EXERCISE DESCRIPTION => Each line in the material below, starting at the one that contains "楚天都市报极目新闻讯(记者陈" and ending at the one that contains "Ráno se pomalu", should be repeated exactly; the pictures should not.

AVAILABLE DATA =>
┌──
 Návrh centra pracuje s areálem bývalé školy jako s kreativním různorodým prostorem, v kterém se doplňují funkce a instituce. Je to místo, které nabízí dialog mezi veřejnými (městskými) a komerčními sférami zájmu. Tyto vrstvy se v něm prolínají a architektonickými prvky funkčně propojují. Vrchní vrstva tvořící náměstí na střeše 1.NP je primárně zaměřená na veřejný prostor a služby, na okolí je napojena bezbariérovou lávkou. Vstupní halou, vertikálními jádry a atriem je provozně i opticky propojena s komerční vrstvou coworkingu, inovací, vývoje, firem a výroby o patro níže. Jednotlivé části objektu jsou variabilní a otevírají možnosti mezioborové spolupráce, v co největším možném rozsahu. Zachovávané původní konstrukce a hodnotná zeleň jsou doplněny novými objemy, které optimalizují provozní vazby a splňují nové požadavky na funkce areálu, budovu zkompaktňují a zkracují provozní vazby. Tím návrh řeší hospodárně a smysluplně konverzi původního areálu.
└──
┌──
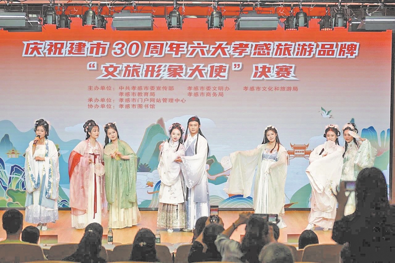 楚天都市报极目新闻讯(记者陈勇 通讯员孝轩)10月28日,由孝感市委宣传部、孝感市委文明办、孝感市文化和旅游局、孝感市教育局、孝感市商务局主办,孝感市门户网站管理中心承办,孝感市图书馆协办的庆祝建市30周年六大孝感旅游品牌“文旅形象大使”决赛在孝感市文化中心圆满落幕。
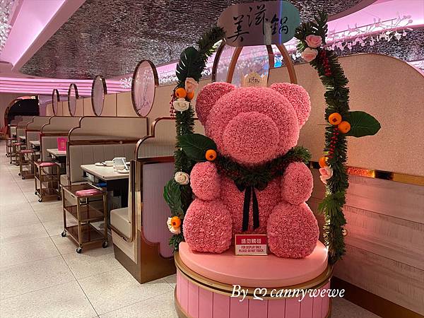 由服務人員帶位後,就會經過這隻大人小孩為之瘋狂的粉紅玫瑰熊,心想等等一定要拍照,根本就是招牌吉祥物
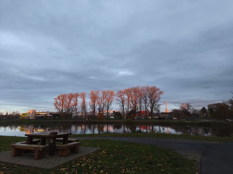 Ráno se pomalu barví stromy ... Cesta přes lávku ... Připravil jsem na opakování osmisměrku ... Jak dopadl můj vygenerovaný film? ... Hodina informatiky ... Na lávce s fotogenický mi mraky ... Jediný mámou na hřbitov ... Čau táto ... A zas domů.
└──
┌──
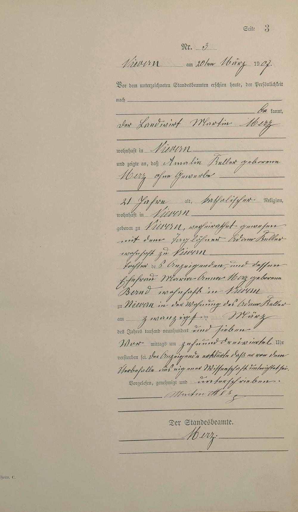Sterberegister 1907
└──
EXPECTED OUTPUT =>
 楚天都市报极目新闻讯(记者陈勇 通讯员孝轩)10月28日,由孝感市委宣传部、孝感市委文明办、孝感市文化和旅游局、孝感市教育局、孝感市商务局主办,孝感市门户网站管理中心承办,孝感市图书馆协办的庆祝建市30周年六大孝感旅游品牌“文旅形象大使”决赛在孝感市文化中心圆满落幕。
 由服務人員帶位後,就會經過這隻大人小孩為之瘋狂的粉紅玫瑰熊,心想等等一定要拍照,根本就是招牌吉祥物
 Ráno se pomalu barví stromy ... Cesta přes lávku ... Připravil jsem na opakování osmisměrku ... Jak dopadl můj vygenerovaný film? ... Hodina informatiky ... Na lávce s fotogenický mi mraky ... Jediný mámou na hřbitov ... Čau táto ... A zas domů.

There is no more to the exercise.